Jakarta – Pelaksanaan Operasi Ketupat 2026 dinilai sukses oleh para pakar dalam Audiensi Evaluasi bersama Kakorlantas Polri pada Sabtu, 4 April 2026.
Pengamat perlindungan konsumen Tulus Abadi menyatakan kepuasan masyarakat mencapai 94 persen berdasarkan survei, dengan penurunan kecelakaan hingga 30 persen. "Operasi Ketupat tahun ini sudah mengeluarkan instrumen-instrumen yang sangat membantu untuk mengkontruksikan arus mudik berjalan lancar dan selamat," katanya. Ia memuji rekayasa lalu lintas seperti sistem one way dan merekomendasikan menjadi kebijakan permanen dengan peningkatan petunjuk arah di jalan tol.

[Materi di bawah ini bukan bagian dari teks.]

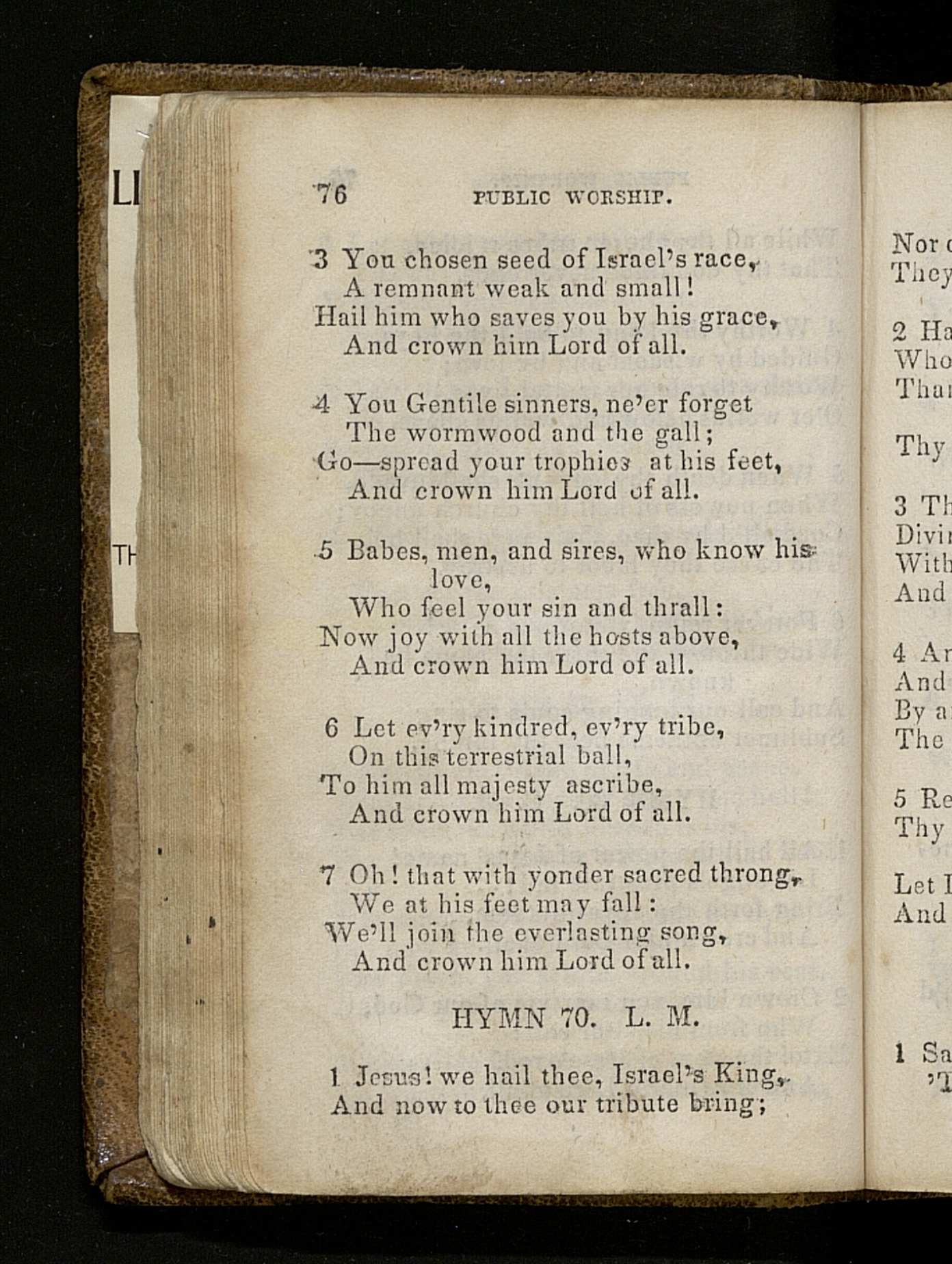 , comp., A Collection of Sacred Hymns for the Church of Jesus Christ of Latter Day Saints, Nauvoo, IL: E. Robinson, 1841, [i]–iv, 5–351. The copy used herein is held at CHL. Includes archival markings.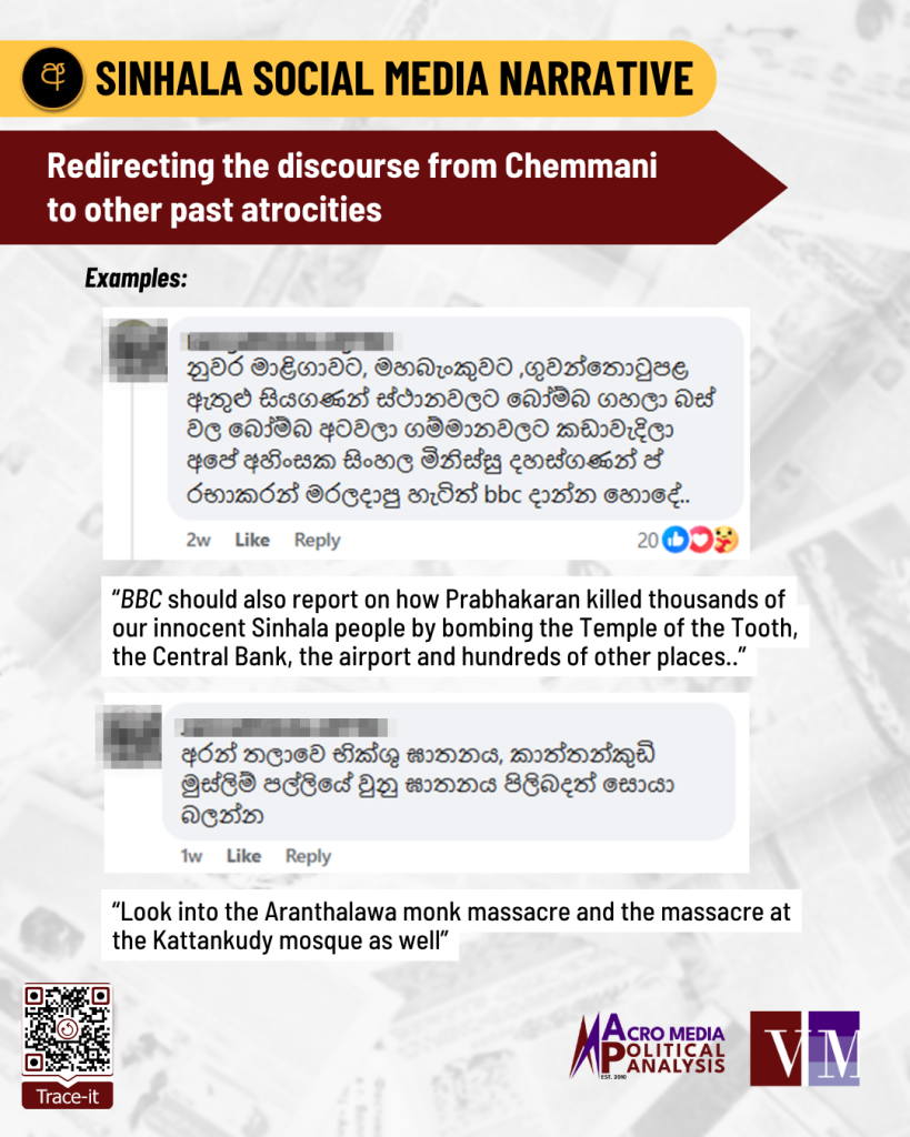 The Sinhala and Tamil social media spaces presented two distinct narratives regarding the Chemmani mass grave. The Sinhala social media commentary tended to redirect the discourse from Chemmani to other past atrocities, including those committed by the LTTE in Aranthalawa, Eravur and Kebithigollewa. By contrast, the Tamil social media commentary demanded justice and directed blame towards the state and the military.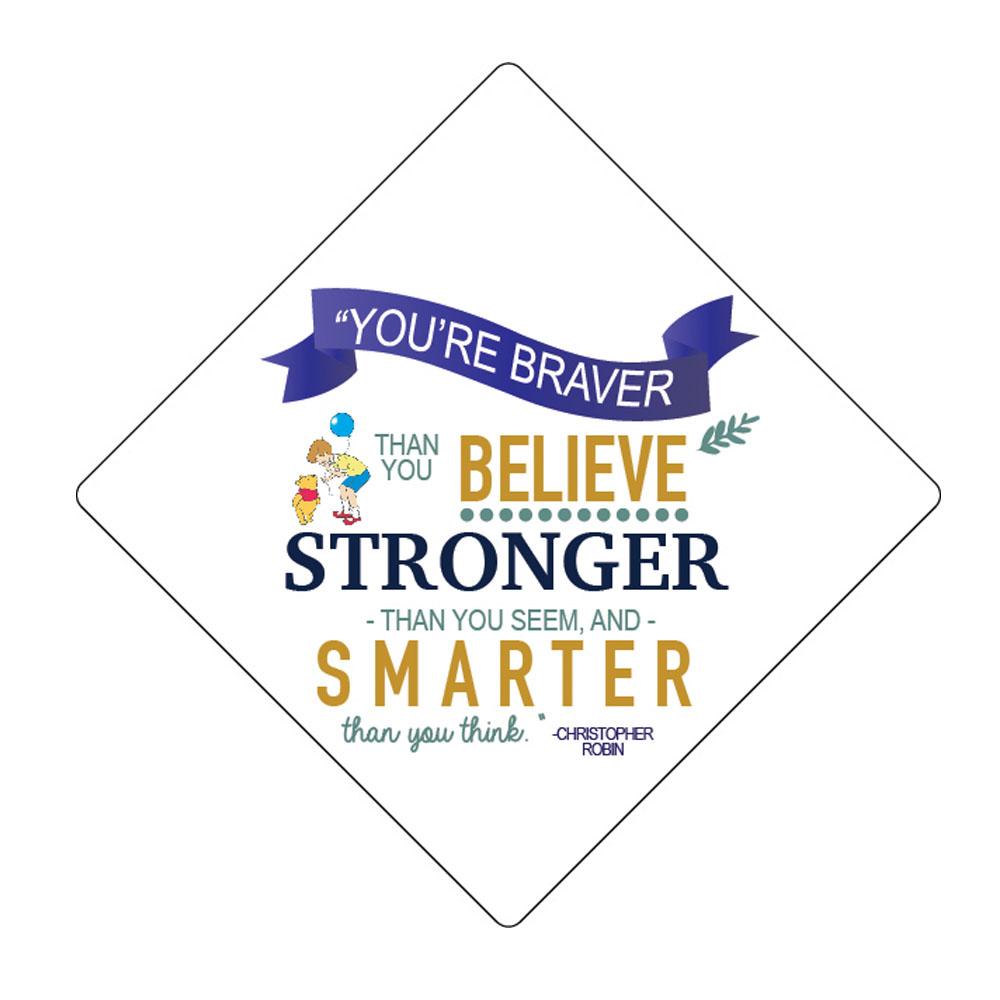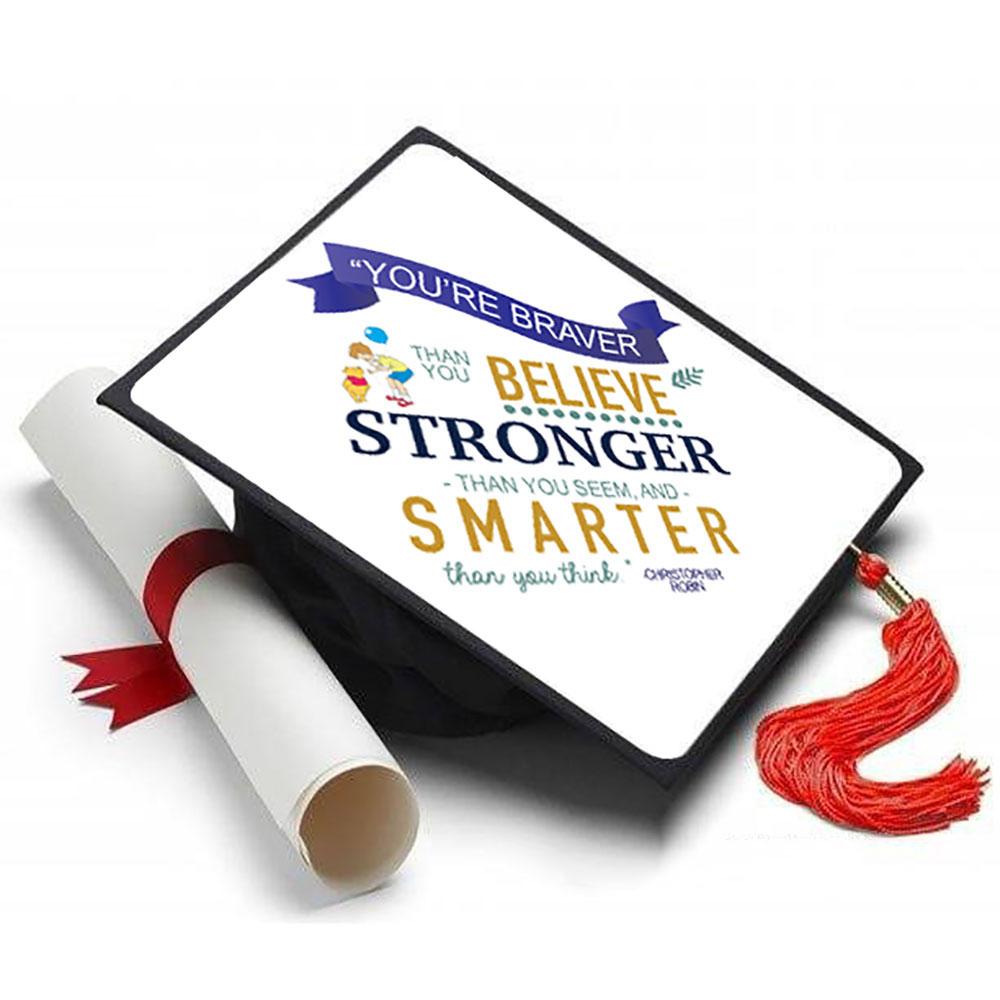A Tassel Topper is the ultimate form of self expression and is the professional way to decorate your graduation cap. We print your design on a durable sheet of plastic that fits directly on top of your graduation cap with the help of our adhesives. The Tassel Topper won't damage your grad cap in any way and is a sure way to stand out in the crowd at your graduation ceremony. They leave room for the turning of the tassel part of the ceremony and they can be removed or reattached as many times as needed. They also last forever as the perfect graduation keepsake that can framed or displayed. (displays sold separately).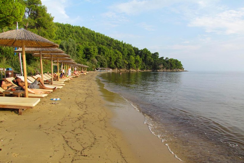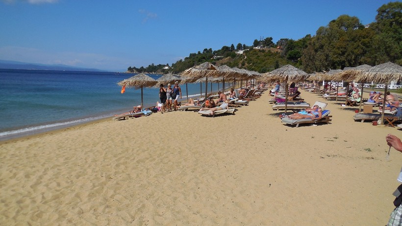 Автобусная остановка № 20 (начало зоны №7). Пляж находится ниже уровня дороги. И непосредственно на самом пляже нет ни отелей, ни ресторанов. Только небольшая таверна, зонтики и шезлонги. Чтобы попасть на пляж нужно спуститься по достаточно крутой тропинке вниз. Но если для вас это не проблема, то вы не будете разочарованы, пляж стоит того — чистая прозрачная вода, золотистый песок и много зелени. Учтите, правда, что вся эта зелеь в определенные часы может создавать тень на пляже. Ближайший отель — Skiathos Palace — еще один четырехзвездочный отель с большим номерным фондом (более 200 номеров), что для Скиатоса редкость. Главный минус этого района заключается в том, что здесь нет никаких развлечений вообще — ни ресторанов, ни кафе, ни баров, ни живой музыки по вечерам. Так что если вы желаете вечером сидеть в тишине с бокалом вина, вдыхать запах сосен и созерцать море, то это место для вас.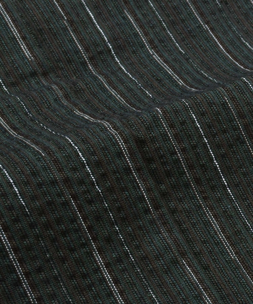 黒みの深緑色の地に茶色や細いベージュの入った乱れ縞。黒っぽい地の色ですが光によって見え方が変わります。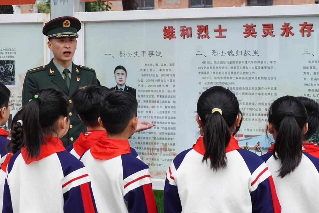 該旅駐地烈士陵園,每年有數(shù)萬人次來到這里,緬懷為維護(hù)世界和平犧牲的“人民英雄”。講解員張碩對(duì)前來參觀的學(xué)生們說:“申亮亮是部隊(duì)的英雄,也是我們心中的英雄?!?/p>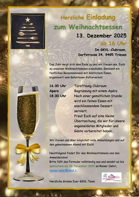 Das Jahr neigt sich dem Ende zu und wir freuen uns, Euch zu unserem Weihnachtsessen einzuladen. Geniesst ein festliches Beisammensein mit köstlichem Essen, organisiert vom Gehörlosen Kulturverein!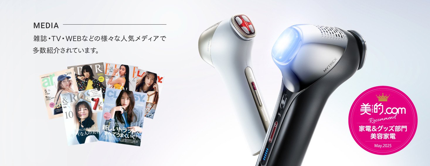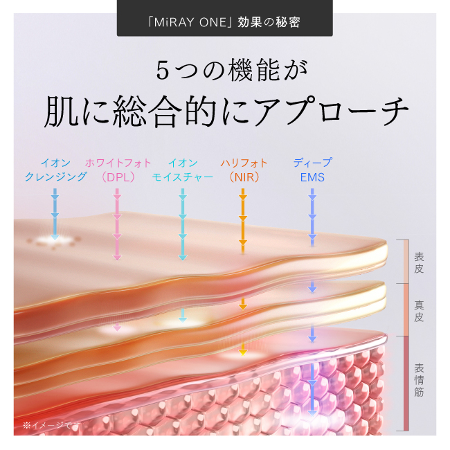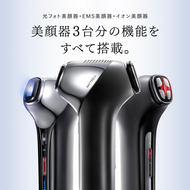 マイトレックス ミライワンは、エイジングケア*1に必要な5つの機能で、肌へ総合的にアプローチ。サロン級のフォト美容(ホワイトフォト/ハリフォト)による極上の「透明ハリ感*2」、EMSによる「リフトケア*3」、イオン導入導出による「うるおい」を叶えてくれます。使いやすさにもこだわり、ストレスフリーで簡単ケアが可能。これ1台で、輝く美容習慣を。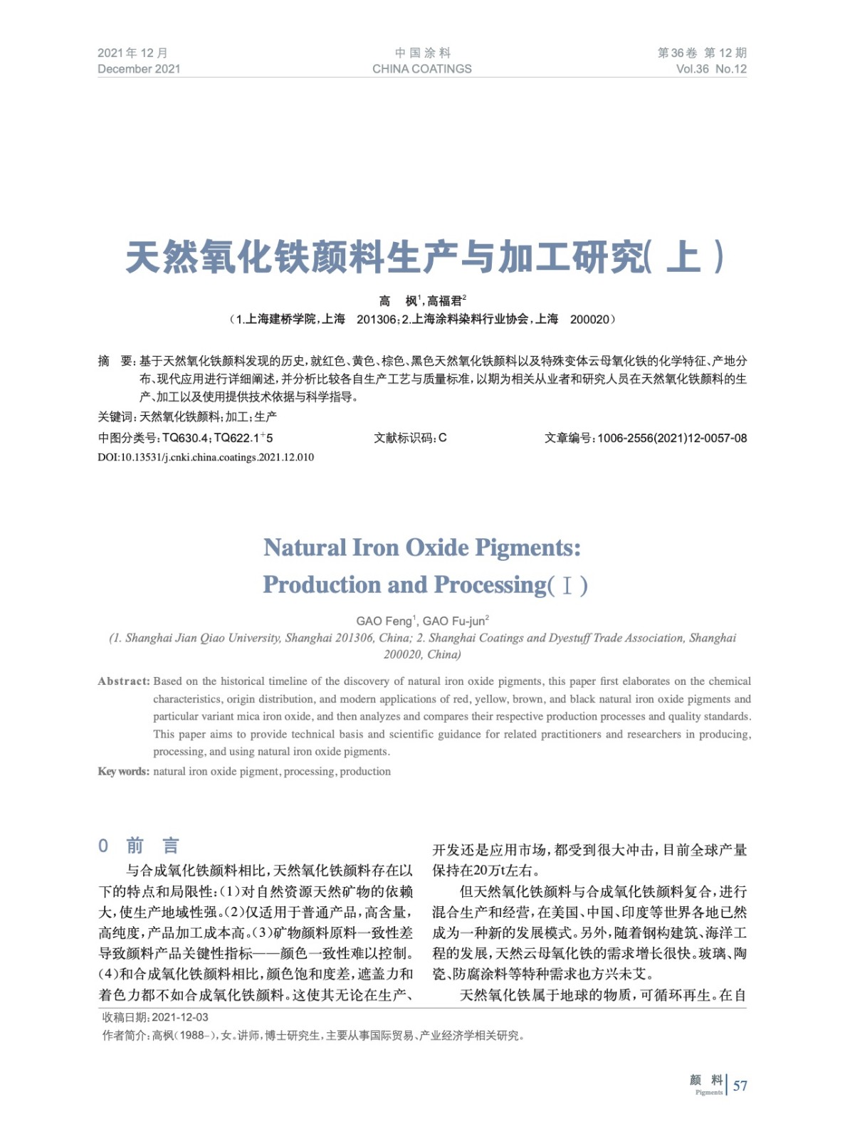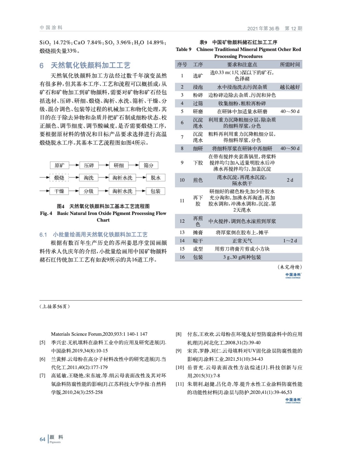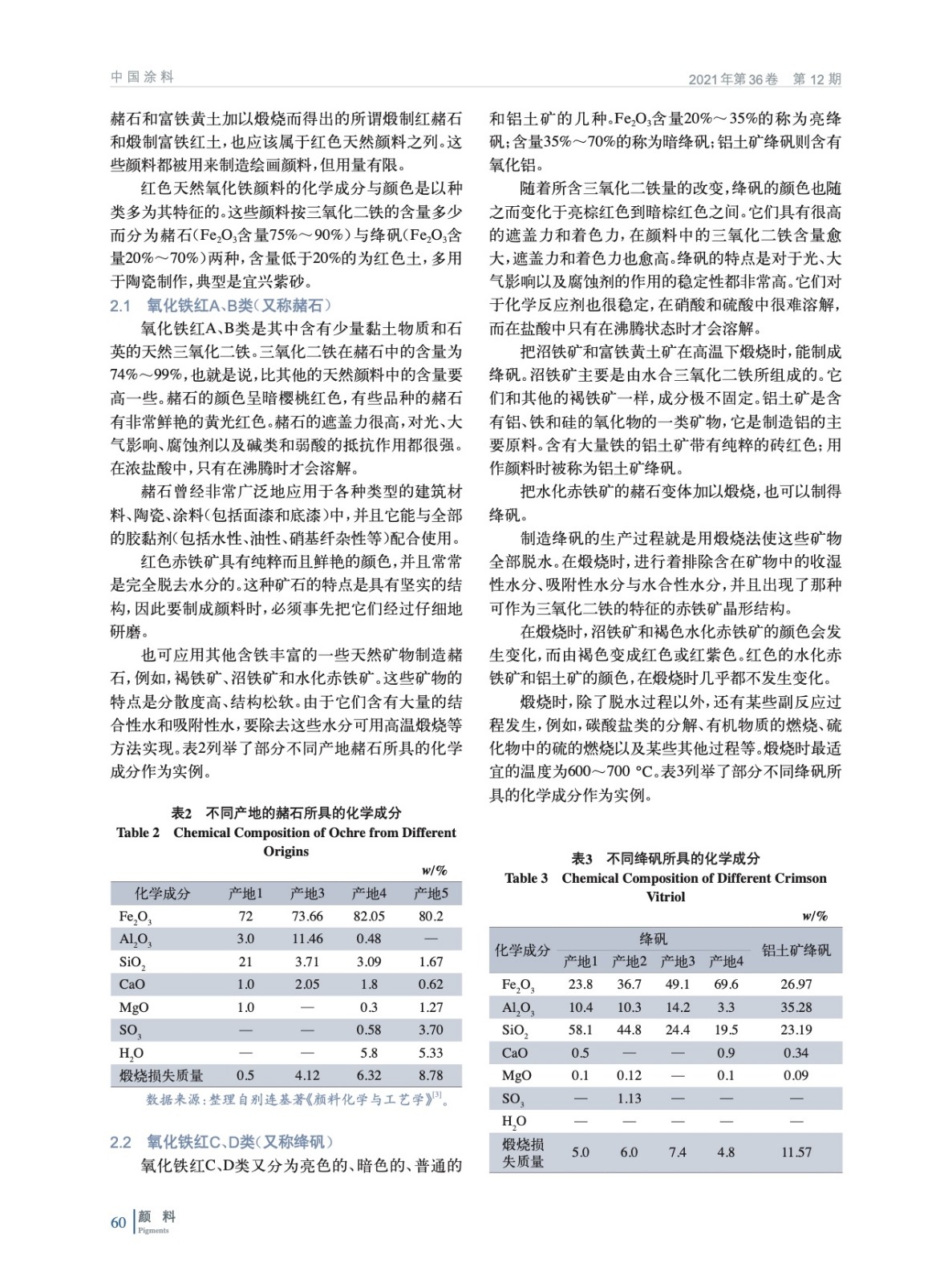 摘要:基于天然氧化鐵顏料發現的歷史,就紅色、黃色、棕色、黑色天然氧化鐵顏料以及特殊變體云母氧化鐵的化學特征、產地分布、現代應用進行詳細闡述,并分析比較各自生產工藝與質量標準,以期為相關從業者和研究人員在天然氧化鐵顏料的生產、加工以及使用提供技術依據與科學指導。

Guru Besar STIK Lemdiklat Polri Albertus Wahyurudhanto menambahkan bahwa riset akademik menggunakan metode triangulasi—survei terhadap 3.200 responden dari 8 Polda, data operasional posko, dan metode Delphi—menunjukkan pelaksanaan berjalan baik. Meski demikian, ada catatan soal fokus berlebih pada jalur darat, sementara kendala muncul di pelabuhan dan rest area.
Albertus juga menyoroti keunggulan pemantauan real-time dan predictive traffic policing berbasis data. "Strategi ini mampu membangun pemahaman di masyarakat bahwa rekayasa lalu lintas merupakan kebutuhan publik untuk keselamatan," ujarnya.